Pero en su mano, la brújula palpita. Y cada día, sigue el rumbo marcado sin hacerse preguntas. El trono de piedra se derrumba. La corona de plástico cae sobre el asfalto. El manto de gaviotas se hace mil pedazos. Siente que su piel brilla, que la tinta cuenta historias. Siente la guerra en los huesos, el temblor del mundo que lo persigue. Camina con paso firme, 98 pasos firmes al noroeste, la ruta para escapar de Dios y sus dedos oscuros. Sigue el ritmo de las cuerdas, vibra al son de las canciones, vuelve a la orilla de la isla, siente que puede volar de nuevo. Deja atrás el humo, la noche, la elegía, el sueño, la vida. Se adentra en algo que no entiende, como nunca antes lo ha hecho, se deja llevar por las olas. Siente la furia en el suelo, la tristeza que se evapora con el calor de la hoguera. Siente una brasa que nace, y no muere, entre las costillas y sus muescas.

Deja a la espalda todos sus enigmas y se desnuda frente a las piedras. Cree que puede ser, aunque no lo entienda.

En las noches, dos luceros verdes le susurran al oído. Contemplan su caída en la oscuridad, y le dicen que ya no hace frío. Extienden sus manos y le devuelven un calor que nunca ha tenido. 
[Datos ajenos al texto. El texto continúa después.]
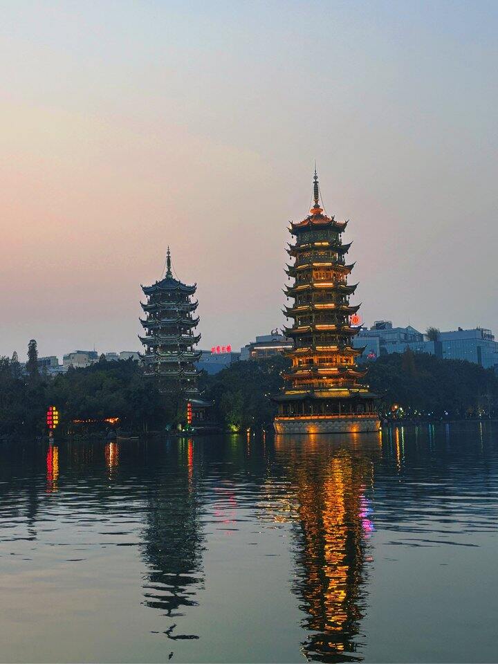 去了象鼻山,日月双塔,正阳街。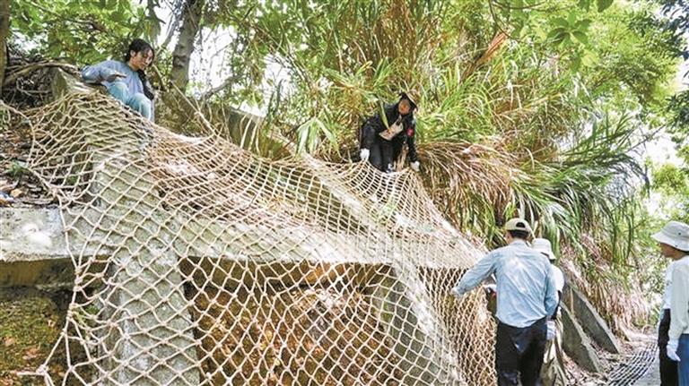 “我们希望通过简易的‘桥’,让这些小生命重新自由穿行。”项目工作人员介绍,基于小型爬行动物和哺乳动物的生物学特性,项目团队选择在现场搭建绳网与铁网两种结构的“桥”。一类是绳网组:在一侧陡坡搭建由粗绳编织而成的网格。绳网富有弹性,表面摩擦力较大,方便小动物们爬行。一类是铁网组:在另一侧陡坡铺设铁丝网,并用绳索固定在周边树木上。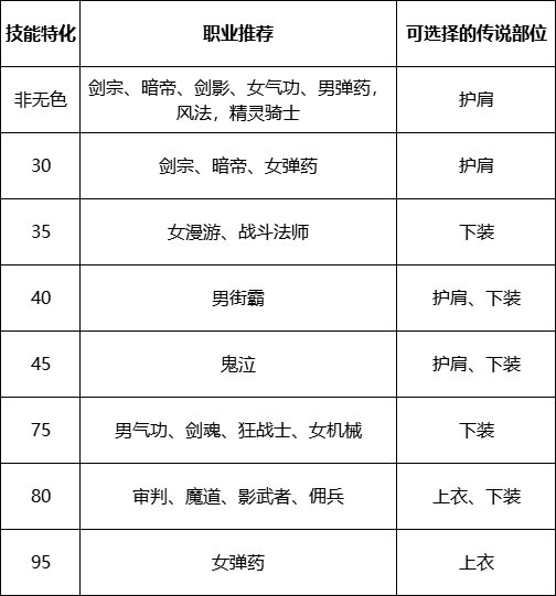 优先推荐的传说部位:上衣、护肩、武器、裤子

Las palabras no saben salir de su boca. Cada caricia nubla todos sus sentidos, y su mente dibuja el mismo rostro minuto a minuto. Sabe lo que siente, no lo dice. No lo quiere. No lo acepta. Es todo aquello que, sin saberlo, ha perseguido. Vivir al día. Morir de noche.

Amanece en algún lugar de la isla. Suena una melodía a lo lejos. La rueda se libera, el sol atraviesa el techo de la cabaña, los labios le saben a viento. Una piel pálida se apoya contra un hombro entumecido.

Se pregunta si, por fin, el mundo se ha rendido.